About Section 363 Sales
A 363 Sale refers to the sale of a Debtor’s assets pursuant to Section 363 of the US Bankruptcy Code. Such a Sale enables the Debtor to fulfill its obligations to its Creditors by selling its assets and using the proceeds to settle its debts.
Similar to a non-bankruptcy transaction, in a 363 Sale process, the Debtor will broadly market its assets. Upon receipt of bids for such assets, the Debtor then will select the best bidder to be the “Stalking Horse”. After selection, the Debtor and the Stalking Horse will fully negotiate and execute a purchase agreement. At that point, the Debtor will file a motion with the Bankruptcy Court seeking approval of the sale at a bankruptcy auction. Upon approval, the Debtor will notify its Creditors and other potential bidders who then may make a bid and enter the auction. The Debtor then will select the best bid at auction. Upon completion of the auction, the Debtor will seek the Bankruptcy Court’s approval to sell to the winning bidder.
Traditionally, some of the benefits of the 363 Sale process are:
• Upon completion, it ensures the Debtor has fulfilled its fiduciary duty to maximize the value of the assets for its Creditors.
• The Buyer acquires the assets free and clear of liens or other claims and obtains certain other protections including a determination that the sale
was in good faith.
• Often, the Buyer is able to purchase the assets at a discount.
R&W Insurance in a 363 Sale
Offering a R&W Policy in a 363 Sale would likely create certain additional benefits to the traditional 363 Sale process including:
• The Buyer would be able to seek recourse against a R&W Policy in the event of a breach of any Debtor representation or warranty that results in loss to the Buyer. In contrast, in a traditional 363 Sale, the Buyer typically is left with limited recourse, if any.
• The inclusion of such a remedy for the Buyer, likely would embolden the Buyer (and other potential bidders) resulting in better and higher bids and increased proceeds to the Creditors of the Debtor.
• The ability to seek recourse in the event of a breach and increased proceeds, may provide an opportunity for bidders to seek broader representations and warranties that they would have in a traditional 363 Sale. It should be noted that a Bankruptcy Court may view an over-expansion of representations and warranties unfavorably (as a deterrent to the sale process).
The Ethos Underwriting process for 363 Sales
The underwriting process in a 363 Sale would largely mirror the underwriting process in a non-bankruptcy transaction and would be reliant on fulsome diligence conducted by the Buyer as well as the Buyer’s forthright participation in an underwriting call and related communication.
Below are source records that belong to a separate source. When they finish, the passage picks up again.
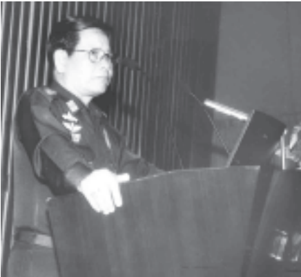
Secretary-1 General Khin Nyunt addresses presentation on e-Government tasks of e-National Task Force.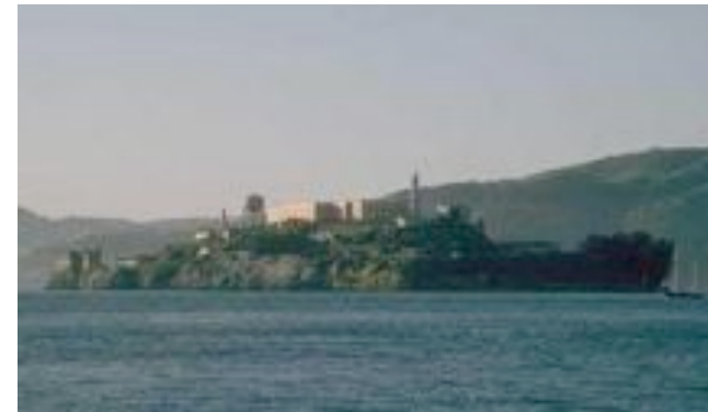
Alcatraz [note: Best to reserve tickets.]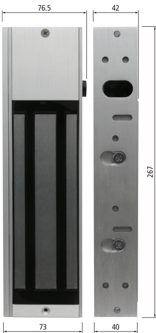
All dimensions in mm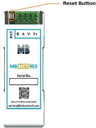
Fig- 7: Position of Reset Button

Step-1 Locate the Reset Button on the sensor, as shown in Fig- 7.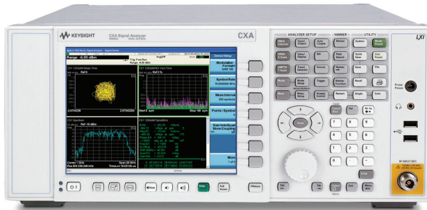
Figure 1. The new 26.5 GHz CXA X-Series signal analyzer

Essential Signal Characterization Now Up to 26.5 GHz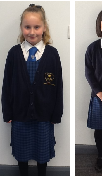
Navy Cardigan/Jumper (badged or plain) White Shirt School Tie School Kilt/Pinafore or Navy Skirt/ Pinafore Black/Grey Socks or Tights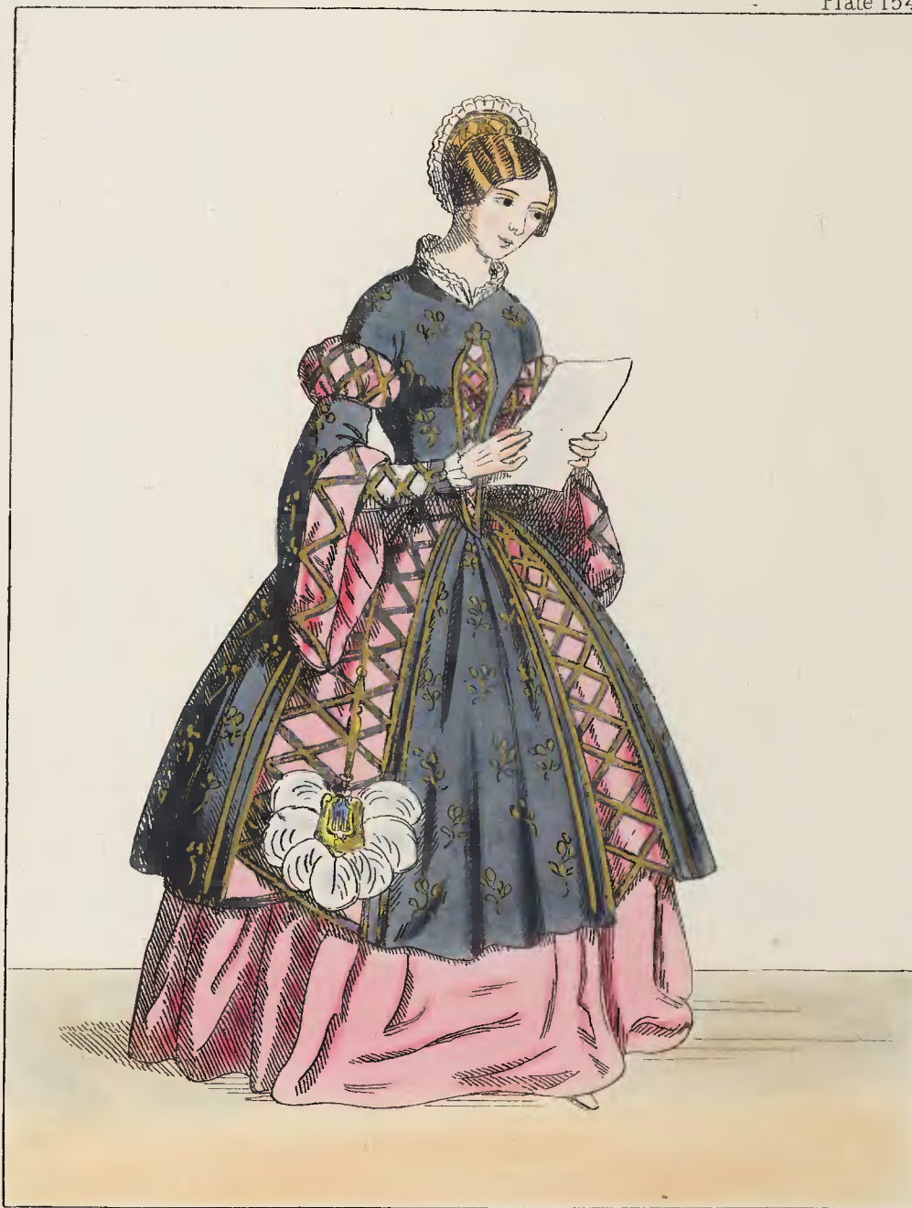
SPAIN—LADY OF RANK—1560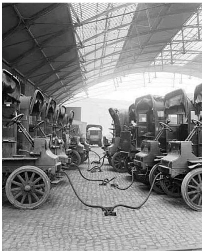
Ford Truck Club (from Facebook)

The photo is a group of working EV trucks in the UK plugged in, in 1917.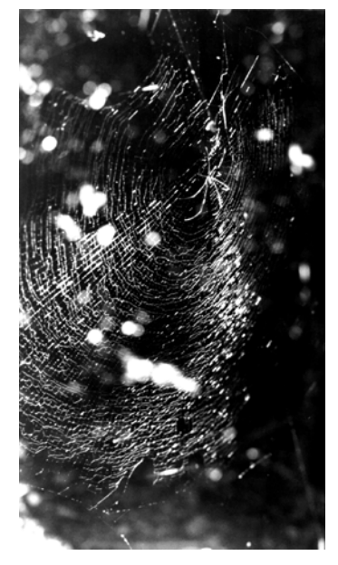
Spider web network.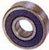
Rear axle bearing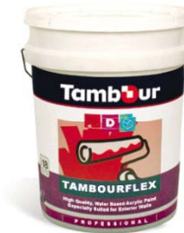
TambourFlex Flexible Paint

Coating Exterior Walls (6-8 m 2 / Liter)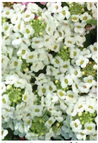
Easter Bonnet White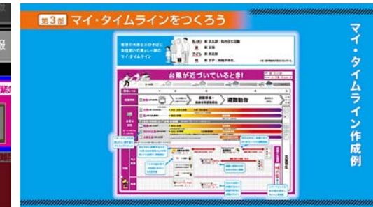
Part 3: Make your Timeline

This process can usually be completed in 7-10 days, but, in certain instances, can be performed on an expedited timeline.
In contrast to a non-bankruptcy sale process, underwriters in a 363 Sale process would likely focus more heavily on pertinent factors including:
• the availability of the Debtor’s management throughout the Buyer’s diligence process;
• the continuity of management after Closing;
• the financial health of the Debtor prior to the COVID-19 outbreak.
Although alternative timelines for underwriting in a 363 Sale process may be available, it seems most practical that the underwriting process likely would begin upon a Stalking Horse being selected by the Debtor. At that point, the underwriter could be engaged on a pre-exclusive basis to underwrite the transaction as the Debtor and Stalking Horse prepare for the bankruptcy auction. This would allow for the parties to be ready to bind coverage in conjunction with the execution of the Transaction Agreement at the conclusion of the bankruptcy auction.
Although the Bankruptcy Court’s ruling would ultimately preside, we would expect that the Stalking Horse’s pre-exclusivity fee would be reimbursed as part of its break-up fee in the event the Stalking Horse were is not selected as the winning bidder in the bankruptcy auction.
Although the coverage offered in a R&W Policy for in a 363 Sale would closely resemble that of a R&W Policy for a non-bankruptcy sale, Buyers should expect potential increases in underwriting fees, premium or retention (which likely would be borne entirely by the Buyer) to address potential complications in underwriting associated with the bankruptcy process and to account for the Insurers lack of subrogation rights (similar to the Buyer’s lack of recourse in a traditional 363 Sale).